Finding a balance between urbanisation and nature is one of the main challenges nowadays. Fresh air, clean water and availability of green space are becoming increasingly important factors when choosing a place to live.
Vegetation and especially trees in green areas of cities play an important role in the mitigation of negative impacts and social consequences of urbanisation and make cities more resilient in these aspects. Therefore, the greenness of cities is an important factor that could be assessed and trends analysed using Earth observation data in combination with available geospatial data. This article presents the case study of greenness evaluation in Cēsis, Latvia.
Vegetation density in a certain area can be measured using spectral satellite data and expressed as a vegetation index. It is calculated from spectral bands in the red and near-infrared spectral range and represents vegetation intensity in a certain area – combination of vegetation cover density and chlorophyll concentration. Vegetation index could be used not only for quantitative assessment and mapping of greenness but also for evaluation of trends, because satellite data are acquired on a regular basis. A greenness status map of 2020 for the city of Cēsis is shown in Figure 1, with vegetation-dominant areas in green and built-up areas reddish. The overall green area percentage in Cēsis is 85%. Gaujas meži and Cīrulīši are the greenest districts, with green area percentages of 98% and 94%, respectively. The greenness of central and north-eastern districts are below the overall 85% threshold. The least green districts are an industrial area (Rūpniecības iela with 61%) and the city centre (Centrs with 59%). These districts may be more susceptible to the negative impacts of urbanisation (e.g. heat islands). Such an approach enables a comparison of the greenness of different districts and cities as well as an analysis of temporal changes. In the case of Cesis, the green area percentage has remained around 83–85% between 2016 and 2020.

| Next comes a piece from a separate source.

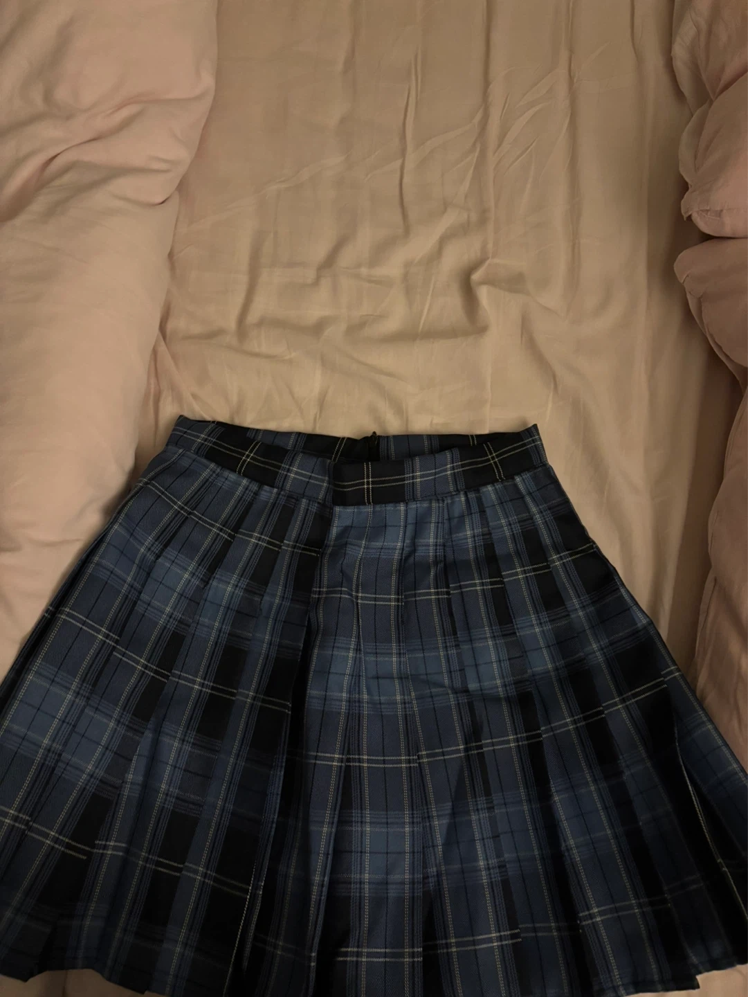A blue and black plaid pleated mini skirt. It has a zipper closure at the back. This skirt is perfect for creating a classic academic look.

Vegetation changes in time could be analysed using mathematical models, thus obtaining a greenness trend (see Figure 2) where positive values represent vegetation intensity gain but negative values a vegetation intensity loss. An example of a linear regression model for the assessment of the vegetation trend’s temporal vegetation index data is shown in Figure 3. In overall, a slight positive greenness trend (2016–2020) was identified in 61% of Cesis territory with an average trend value of +0.0021. It means that overall vegetation intensity increases by 0.2% on average every year. In contrast, a negative greenness trend was observed in 37% of Cesis territory, and significant vegetation loss has been detected in 10% of the territory (appears as red spots in Figure 2). Significantly negative greenness trends most probably correspond to areas with construction activity. The districts with a positive greenness trend are the same ones where the green area percentage was higher in comparison to the overall in Cēsis. A negative trend could be observed in central and north-eastern districts where the notably negative trend is in the industrial district (Rūpniecības iela). In the case of city centre (Centrs), the stadium appears as a large red spot with negative greenness trend due to reconstruction in 2017 where new infrastructure was built and natural grass cover was replaced with artificial grass.
Mapping of biological value represents biodiversity potential of a certain area and is based on the evaluation of different landscape aspects – diversity of ecosystems, their fragmentation and border effect, biotope size and connectivity. The main components used for biological value assessment are:
- Biologically valuable land cover presence and border effect
- Unit size of biologically valuable land cover class
- Connectivity of biologically valuable land cover units
- The presence of protected biotopes and species
- The negative impact of roads and railways
These parameters could be mapped and combined to produce a biological value assessment, see the example for Cēsis in Figure 3. Higher values indicate areas with a larger biodiversity potential. The areas with the highest biological value are mostly located in the River Gauja valley due to relatively large and well-connected land cover units as well as the presence of protected biotopes and species. The castle park has the highest biological value in the centre of Cesis. The lowest values occur in densely built areas as well as roads and railways. The overall biological value score in Cēsis is 280 where the districts of Cīrulīši and Gaujas meži have the highest scores (375 and 356, respectively). The districts with lowest biological values are Centrs, Lenču – Festivāla iela and Rūpniecības iela. Such mapping allows us to identify hotspots of biological value and to compare changes in the future.
The main advantage of geospatial data products is a detailed insight in the area of interest, and comparability. The methodology could be applied to compare different districts as well as different cities.